The twenty-three participants represented a diverse group with numerous connections to other task forces and organizations which are actively engaged in resolving issues closely related to the topic of the meeting, whether they are computer scientists, social scientists, consultants, representatives of funding agencies, or librarians associated with research and national libraries. Among the groups or projects to which the participants had close links were the Association for Library Collections & Technical Services Task Force to Define Bibliographic Access in the Electronic Environment, the Coalition for Networked Information's group preparing a white paper on "Networked Information: Discovery and Retrieval," the Encoded Archival Description (EAD) project initiated by the University of California at Berkeley, the IFLA Study Group on the Functional Requirements of the Bibliographic Record, the Internet Engineering Task Force, Joint Steering Committee for the Revision of AACR (i.e. the Anglo-American Cataloguing Rules), the LC National Digital Library Program, the National Digital Library Federation Planning Task Force, the National Science Foundation digital library projects, the OCLC InterCat project, and the Research Libraries Group's Digital Image Access Project. In addition, participants had organized, attended or been speakers at the American Library Association's preconference "AACR 2000," the Center for Electronic Texts in the Humanities Text Encoding Initiative May 1994 conference, and the OCLC Metadata Workshop. Representatives from the British Library and the National Library of Canada provided an international perspective.
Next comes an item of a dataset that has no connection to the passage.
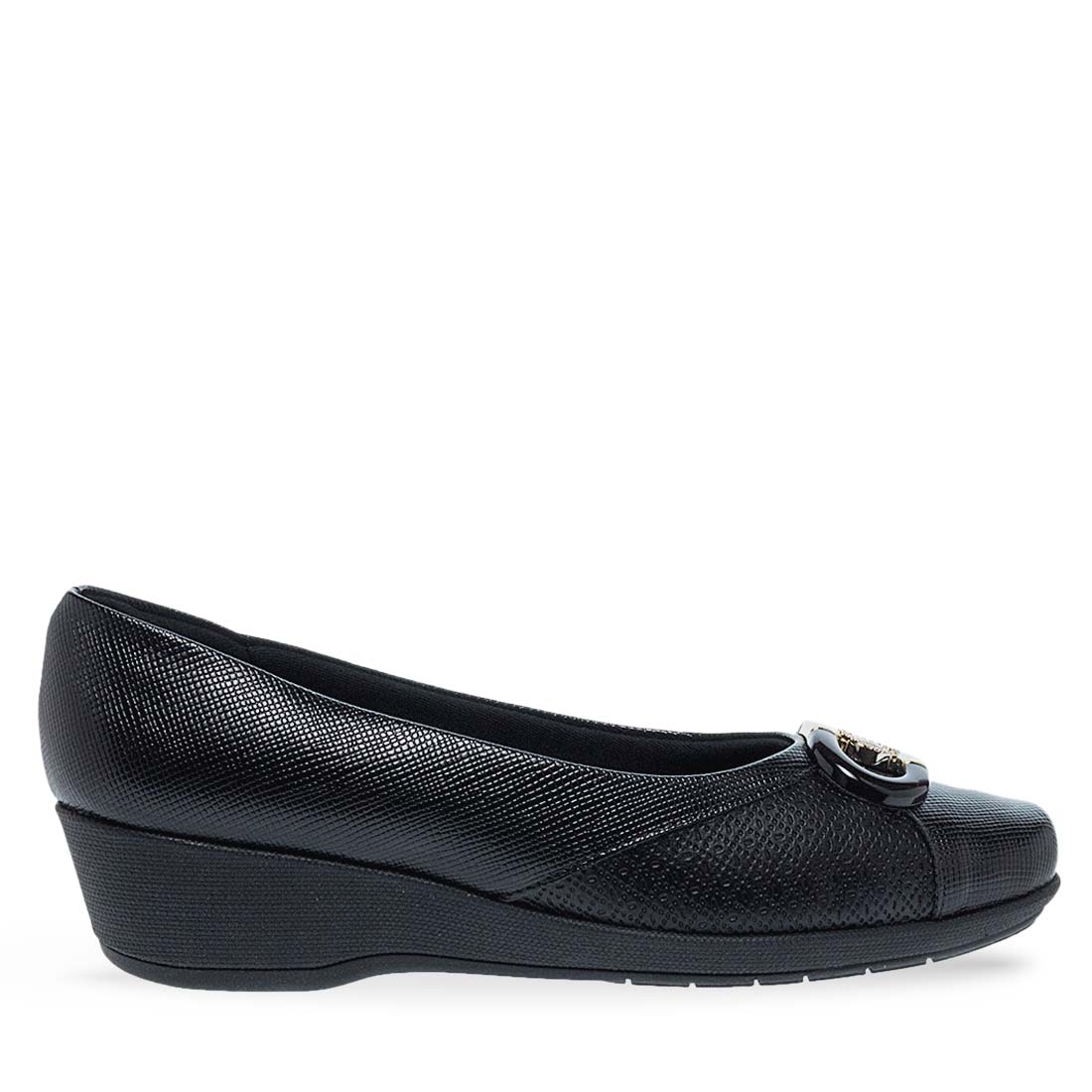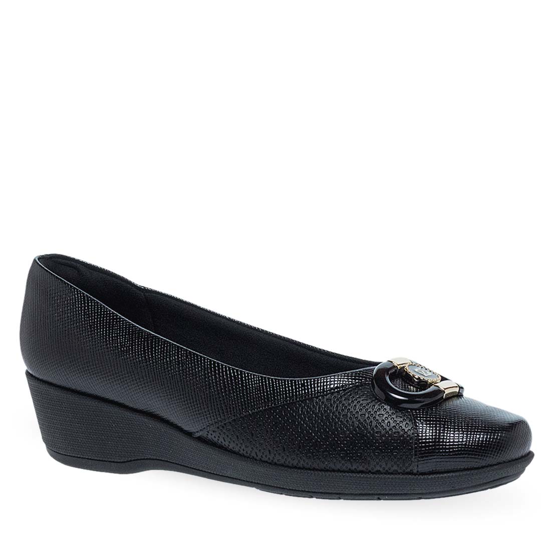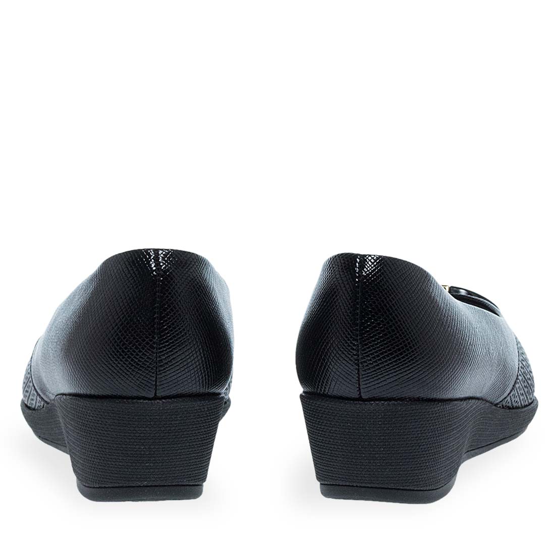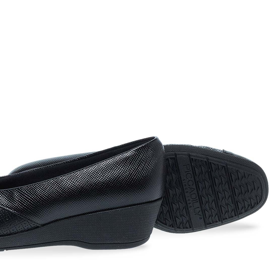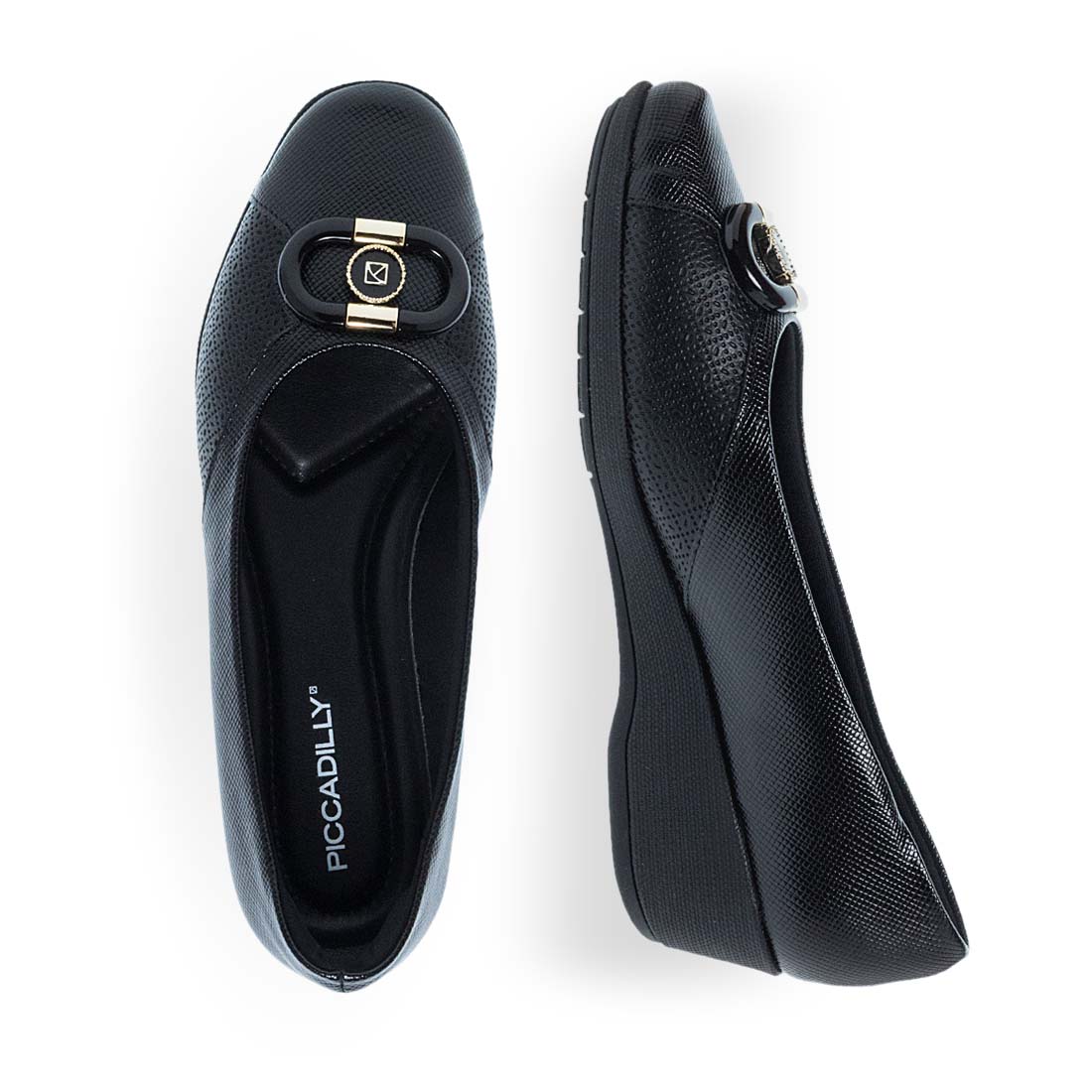 Γυναικεία μοκασίνια από το brand Piccadilly. Μαύρα μοκασίνια με διακριτική γυαλιστερή υφή και χρυσό διακοσμητικό, προσφέροντας κομψότητα και άνεση.

Assumptions become Principles

In preparation for the conference, the participants had been invited to submit lists of "digital assumptions" which would challenge the thinking of the group and stimulate discussion. Some of these assumptions appeared often enough to be considered consensus statements. Upon further discussion and clarification of terminology, the following statements were accepted as principles:

  1. Libraries exist to provide value-added services to a wide variety of materials, including:
    • selection
    • organization
    • access
    • location information
    • delivery, and
    • preservation.

  2. Libraries will include a mix of traditional materials (print and non-print) and digital resources indefinitely.

  3. Library collections will continue to be only subsets of the universe of publications, resources, and information.

  4. Like traditional materials, digital resources will have more value and utility if they are organized, making resources known and available.

  5. Libraries should integrate access to digital resources with access to conventional materials.

  6. Genre is a more useful organizing principle than format.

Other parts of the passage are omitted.